As fraturas vertebrais e de quadril estão associadas a aumento de morbimortalidade, redução da qualidade de vida e maior gasto em saúde.
Por isso, diferentes guidelines foram publicados com o objetivo de orientar o manejo dessa condição, prevenir fraturas e melhorar a saúde óssea.
Recentemente, um artigo publicado no Current Osteoporosis Reports comparou três importantes diretrizes norte-americanas para o manejo da osteoporose: AACE, BHOF e OCCPG.

Quais diretrizes foram avaliadas?
O artigo comparou três guidelines norte-americanos sobre osteoporose:
- AACE: American Association of Clinical Endocrinology;
- BHOF: Bone Health and Osteoporosis Foundation;
- OCCPG: Osteoporosis Canada Clinical Practice Guideline.
A revisão avaliou diferenças na estratificação de risco de fratura, estratégias diagnósticas, recomendações farmacológicas e acompanhamento dos pacientes.
Como os guidelines estratificam risco de fratura?
As três diretrizes definem osteoporose com base no T-score de densidade mineral óssea, ou BMD, ≤ -2,5, de forma consistente com a definição da Organização Mundial da Saúde.
A AACE e a BHOF utilizam a ferramenta FRAX e orientam tratamento para pacientes com risco de fratura de quadril ≥ 3% em 10 anos ou risco de fraturas osteoporóticas maiores ≥ 20% em 10 anos.
Além disso, essas diretrizes também recomendam prevenção secundária em pacientes com fratura prévia de vértebra ou quadril, independentemente do status da densidade mineral óssea.

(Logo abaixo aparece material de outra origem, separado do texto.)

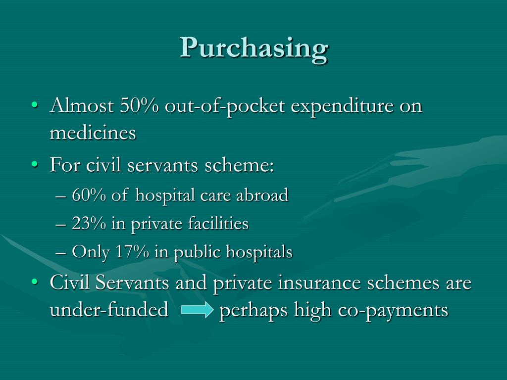 Purchasing • Almost 50% out-of-pocket expenditure on medicines • For civil servants scheme: • 60% of hospital care abroad • 23% in private facilities • Only 17% in public hospitals • Civil Servants and private insurance schemes are under-funded perhaps high co-payments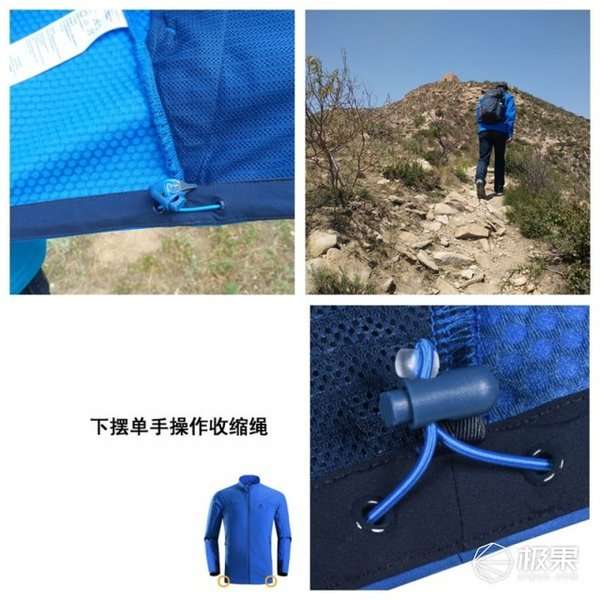 下摆单手操作收缩绳。可调节拉绳下摆,下摆隐藏抽绳扣件可单手方便收紧。内置抽绳扣件,下摆处也设计了收紧绳,可以根据需要抽紧下摆,增强防风效果。下摆的抽绳有效的防止冷风进入。冲锋衣的下摆或腰部是否有防风裙,如果没有防风裙是否有抽绳可以把衣服抽紧,防止在恶劣环境下风雪从下摆处灌进身体里。凯乐石蜚零软壳下摆也设有可调节衣摆大小的拉绳调节扣,根据个人腰围情况进行调节,方便户外穿着,穿起来更加贴身舒适。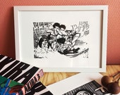 5 de 5 estrellasUna impresión en linograbado absolutamente PRECIOSA. No esperaba encontrar nada de esta escena, así que me sorprendí muchísimo y supe que tenía que pedirla para mi pareja, que adora el Porco Rosso. Una impresión preciosa en papel de calidad, y venía con unos adorables detalles hechos a mano. ¡Gracias, Julie!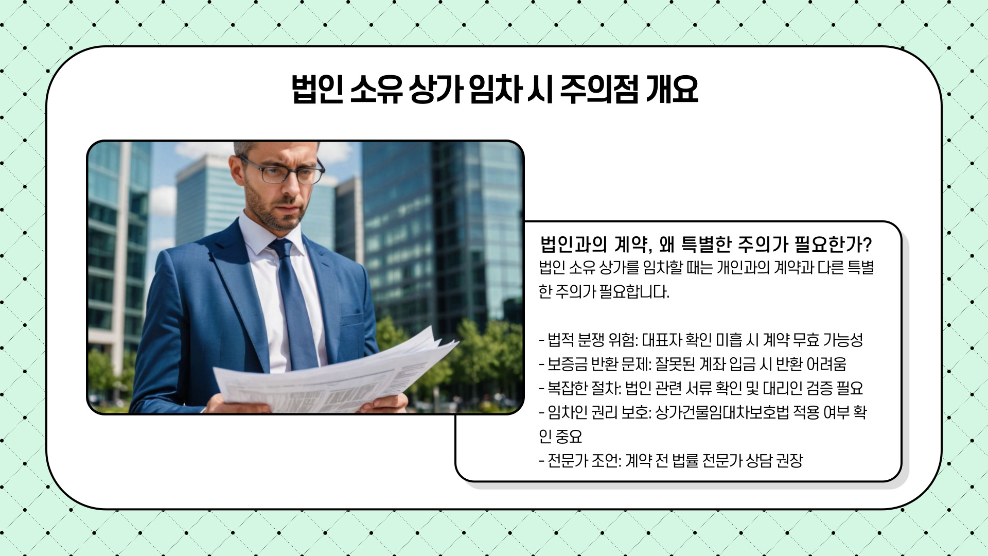 법인이 소유한 상가와 임대차계약을 체결할 때는, 사소한 부분을 놓치더라도 큰 법적 리스크로 이어질 수 있습니다.
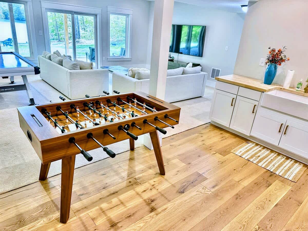-Game room features smart TV, a foosball table and an air hockey table.

Já a OCCPG utiliza o FRAX ou a avaliação radiológica canadense CAROC e recomenda tratamento em pacientes com risco de fraturas maiores ≥ 20% em 10 anos, fratura prévia de quadril ou vértebra, duas ou mais fraturas relacionadas à osteoporose ou idade ≥ 70 anos com T-score ≤ -2,5.
O que muda na definição de alto e muito alto risco?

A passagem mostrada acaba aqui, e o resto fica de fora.